Prometheus-alertmanager and graphana (especially graphana!) seem a bit too involved for monitoring my homelab (prometheus itself is fine: it does collect a lot of statistics I don’t care about, but it doesn’t require configuration so it doesn’t bother me).
Do you know of simpler alternatives?
My goals are relatively simple:
- get a notification when any systemd service fails
- get a notification if there is not much space left on a disk
- get a notification if one of the above can’t be determined (eg. server down, config error, …)
Seeing graphs with basic system metrics (eg. cpu/ram usage) would be nice, but it’s not super-important.
I am a dev so writing a script that checks for whatever I need is way simpler than learning/writing/testing yaml configuration (in fact, I was about to write a script to send heartbeats to something like Uptime Kuma or Tianji before I thought of asking you for a nicer solution).
I’m currently using InfluxDB + Telegraf + Grafana combination to monitor Linux systems and k3s pods.
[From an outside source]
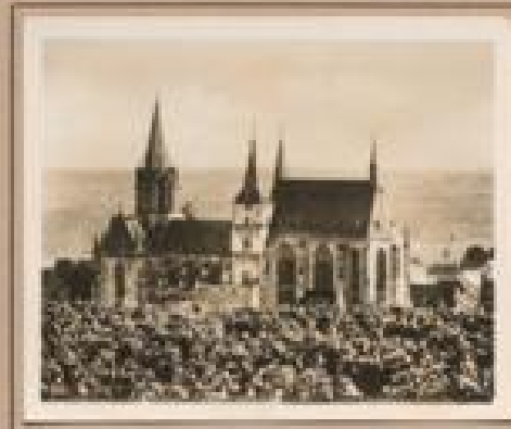
Bild 2. Koblenz, Antonienkirche

Die alte Städtelicht, mit romanischem Kern, ist charakteristischer Wehrbau und ein wichtiger Rheinstädtelort.

It’s basically same as Prometheus, but InfluxDB uses push model, which makes it easier to develop tools for collecting custom time series data.
For alerts and dashboards, I think Grafana is the simplest and most hassle free solution available at the moment.
Is there a self hosted OpenTelemetry consumer?
Edit: found better resources
https://linuxhandbook.com/syslog-guide/
https://github.com/linuxserver/docker-syslog-ng
That should be a good place to start. Syslog will do what you want.
I mean, you get a lot of advantages from fluffy pretty systems. But extracting data from df and systemctl and curling it into telegram is going to be like a 10 line bash script called from a one-line cron job.
I pump a lot of complicated metrics through Prometheus / grafana to get graphs and history.
Most of my critical stuff is still in Nagios and instead of using nagios standardized plugins I just query the operating system directly in bash.